Anytime you did something that upset your partner and it wasn’t the best thing to do, you should consider an apology. This can let your spouse know that you care, and you don’t want to hurt their feelings.
Of course, you shouldn’t apologize if you don’t feel like you did something wrong, since that wouldn’t be sincere. Try your best to be honest with your partner at all times, even if it may momentarily hurt their feelings.
Research shows that when there is too much tension in a marriage, it may lead to both partners being unhappy in their marriage. This is something to think about when you are working through disagreements in your household.
Consider Your Spouse’s Side
No matter if you are the one that started the argument or if it was your spouse, you should always consider their point of view. Ask yourself if they were trying to hurt you or if they did something that was malicious. In many cases, the answer is no to both of those questions, which means that it may have been an accident or an oversight.
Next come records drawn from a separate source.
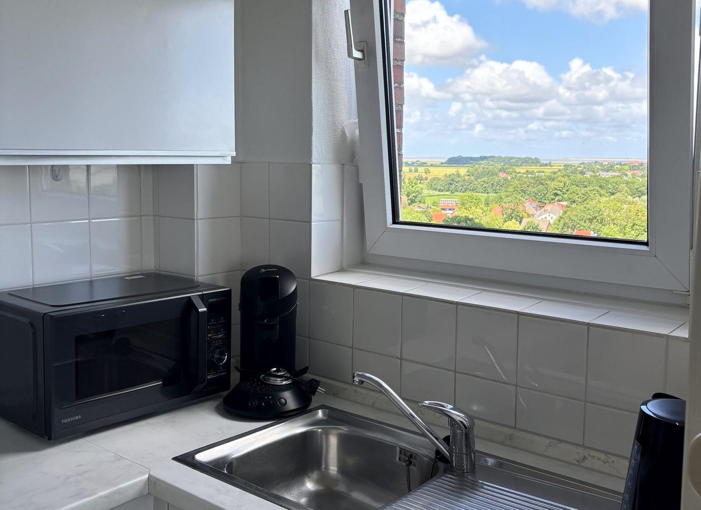 Der Strandkieker mit Meerblick liegt in einem Apartmenthaus in der 11. Etage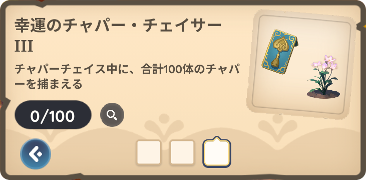チャパーチェイス中に、合計100体のチャパーを捕まえる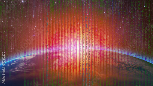 Glowing earth with binary code "Elements of this Image Furnished by NASA"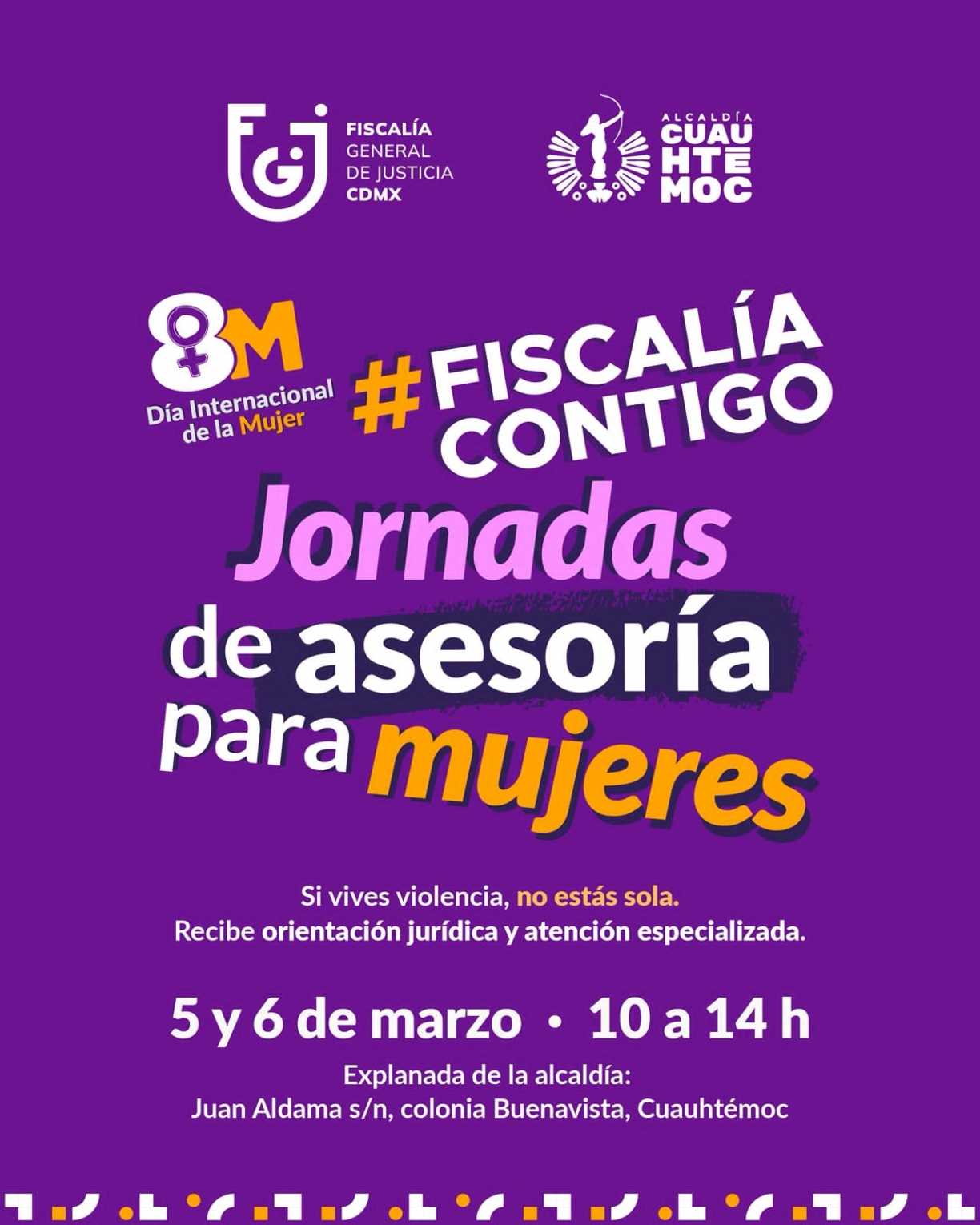 El 5 y 6 de marzo también se realizará en la explanada de la alcaldía la jornada “Fiscalía Contigo”, en colaboración con la Fiscalía General de Justicia de la Ciudad de México. Durante esta actividad, las mujeres que acudan podrán recibir orientación jurídica y atención especializada.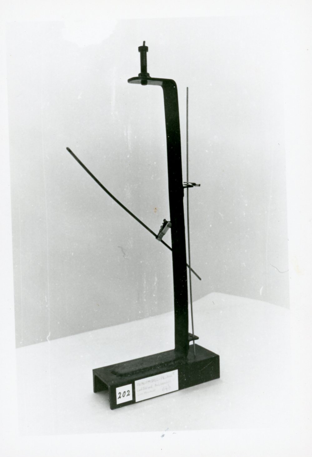 Pelaren, i form av en stång av trä eller mässing, kan i inspänt laäge utsättas för vertikalt tryck med hjälp av en skruv, och olika deformeringsfall kan studeras.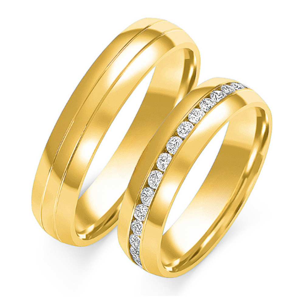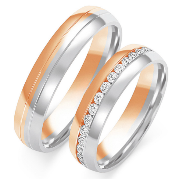 Nepakartojamo grožio vestuviniai žiedai išskirtinio stiliaus, aukštos kokybės, su komforto zona. Puikus pasirinkimas, atspindintis jūsų meilės istoriją. Jų technologija išsiskiria – vestuviniai žiedai gaminami iš grūdinto aukso, kuris atsparus mikro įtrūkimams, neturi sudėtyje nikelio bei mažiau braižosi. Žiedai gali būti pagamintas pagal užsakymą: raudono, geltono bei balto aukso, už papildomą mokestį su kitos aukso spalvos krašteliais, skirtingu žiedo pločių arba su deimantais.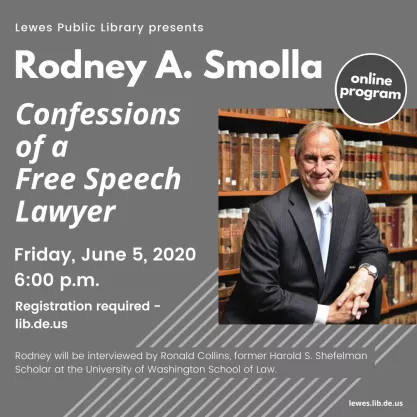 On June 5 at 6 p.m. ET, Rodney A. Smolla will be hosting a talk on Zoom titled "Confessions of a Free Speech Lawyer" through the Lewes Public Library.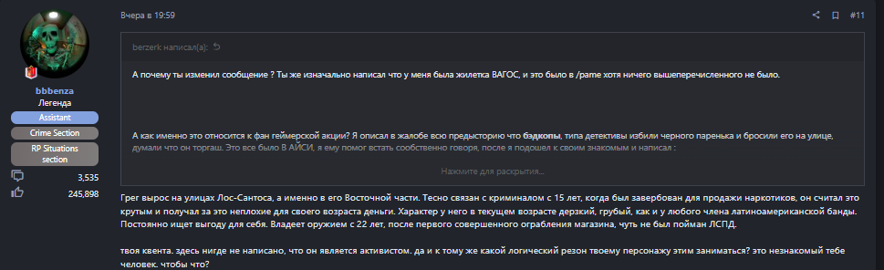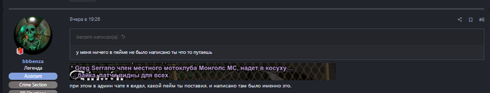 Суть жалобы: В первую очередь, ассистент выдавший наказание закрывает жалобы и не дает ответить другим участникам ситуации, удаляя их сообщения. Во вторых ассистент который проверил жалобу отклонил ее опираясь на то что «Монголы так не играют» откуда ты знаешь как они играют и как чувствовал меня мой персонаж в тот момент, я играл тогда опираясь не на то, что представляю мотоклуб, а на человеческие принципы в целом. Я не запрашивал разрешение у мотоклуба на проведение данного протеста, а действовал лично под свою ОТВЕТСТВЕННОСТЬ. Копы избили паренька, я собрал своих друзей, играя в своей компании. Я не провоцировал игроков какой либо крайм фракции играющей на кольце.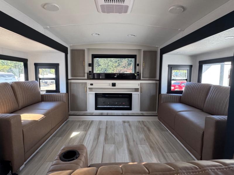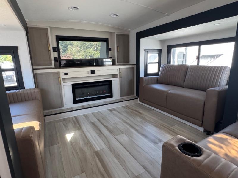 Invite the grandkids or your neighbor friends for your next camping trip in this Wildwood Heritage Glen Elite fifth wheel that features a front entertainment center and living area. Your guests will love the two tri-fold sofas within dual opposing slides to make the room their own. You'll also enjoy theatre seats and a fireplace for an even more at-home feel. The large pantry in the kitchen is very handy as well as the breakfast bar with swivel bar stools. This unit also includes a full and half bath for your convenience, and a king bed with Versa-Tilt on an Elite extra-wide bed slide in the private bedroom. There is abundant storage with multiple pass-through compartments included, so you don't have to leave any of your larger gear behind. Outdoors, you can also enjoy the 20' awning, the strut-assisted steps when entering and exiting, and the Elite outdoor bar and entertainment center which includes a 32" TV, a griddle, and a refrigerator.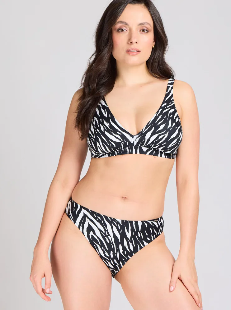 Vyzkoušejte klasické plavkové kalhotky, které upoutají pozornost výrazným černobílým vzorem. Kalhotky dokonale padnou a zvýrazní vaše ženské křivky. Podložený přední díl zajistí maximální neprůhlednost.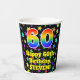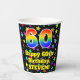 This exciting and fun birthday paper cup design features a large number “60” with a rainbow spectrum gradient inspired pattern, along with the message “Happy 60th Birthday,”, and a customizable name. The background features an exciting and colorful pattern inspired by a field of stars. Colorful, vibrant paper cups like this might be fun to have at a birthday celebration/party being held to celebrate somebody’s sixtieth birthday. [~Z0000540]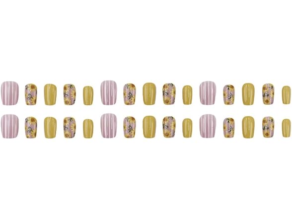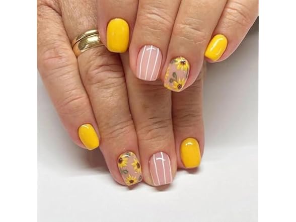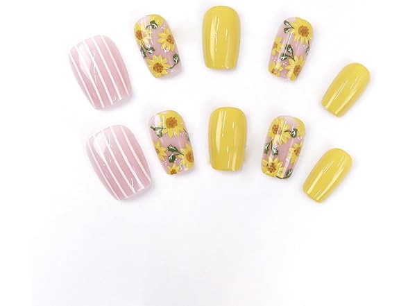 Geyakal Flower Press on Nails Short Square Acrylic False Nails Yellow 24 Pcs with Designs Striped Sunflower Glossy Full Cover Jelly Glue on Nails Artificial Stick on Nails for Women Decoration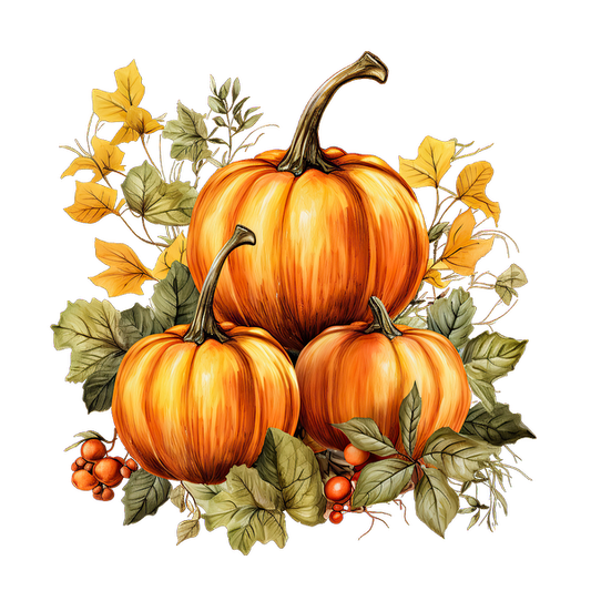 Una encantadora ilustración que presenta tres calabazas de color naranja vibrante rodeadas de hojas y bayas otoñales, perfectas para la decoración de otoño.
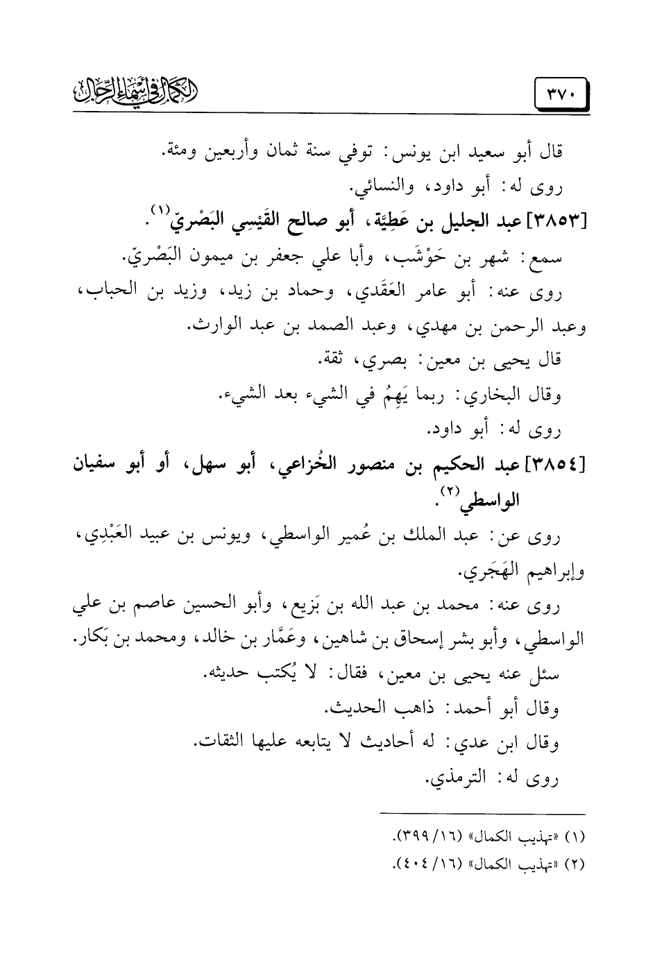 (¬١) "تهذيب الكمال" (١٦/ ٣٩٩).
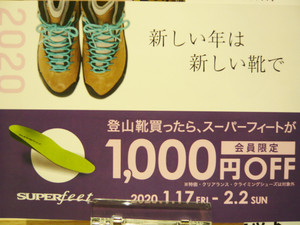 【会員限定】登山靴買ったら、スーパーフィートが1,000円OFF!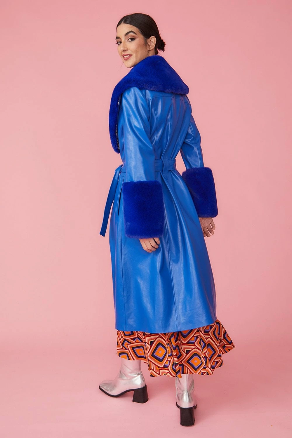 Super on-trend this blue midi style trench coat will give you the vibes you need throughout the cooler weather. The brushed, soft, faux leather is embossed with snake print and features a yellow detachable faux fur collar and cuffs so you get two look for the price of one!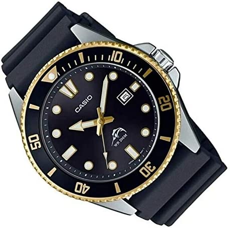 Casio Men's Diver Inspired Stainless Steel Quartz Watch with Resin Strap, Gold, 25.6 (Model: MDV106G-1AV)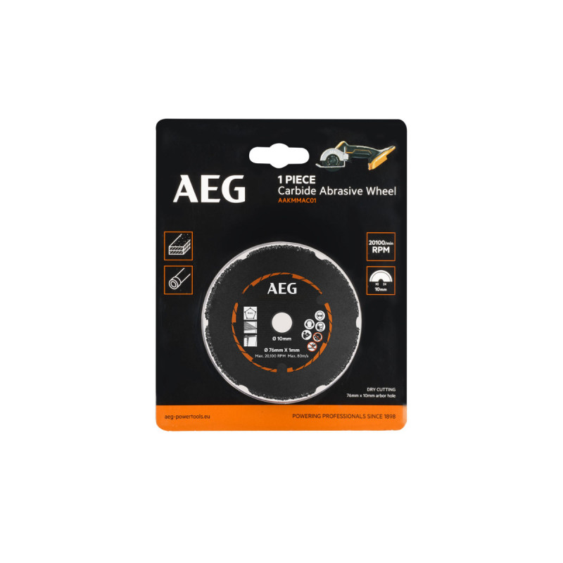 Disque abrasif carbure - 76mm - AAKMMAC01, pour tous les outils de tronçonnage sur des supports variés comme les cloisons sèches, plaques de plâtre, clous et bois.

If a person upsets you but they didn’t mean to, even though it may take some time, it is important to move on from this, where you won’t have to continue to feel angry about the circumstances.
Remember That You Love Them
When you are married to someone, you probably have a lot of history with each other. Keep this in mind whenever you are in a fight with them, or they have upset you. This may just be how they are.
Perhaps your spouse keeps putting the empty milk container back in the fridge instead of throwing it away. Have they always done this? If so, this is simply a part of their everyday behavior, and they aren’t doing this to get on your nerves.
Instead of fighting with them about it, you might find it more effective to ask them if they can stop placing an empty container in the fridge and how it makes you feel. This could cause them to instantly change this behavior.
It is okay to argue in a marriage. This can prove that you still care enough about each other to work out your issues. However, you must be fair when you are fighting and make sure that you are thinking about their point of view. It may be easy to let your emotions take over, but this could cause a bigger issue.
Take the time to clear your head and think about what you are going to say, and this may be able to end the fight in a successful manner.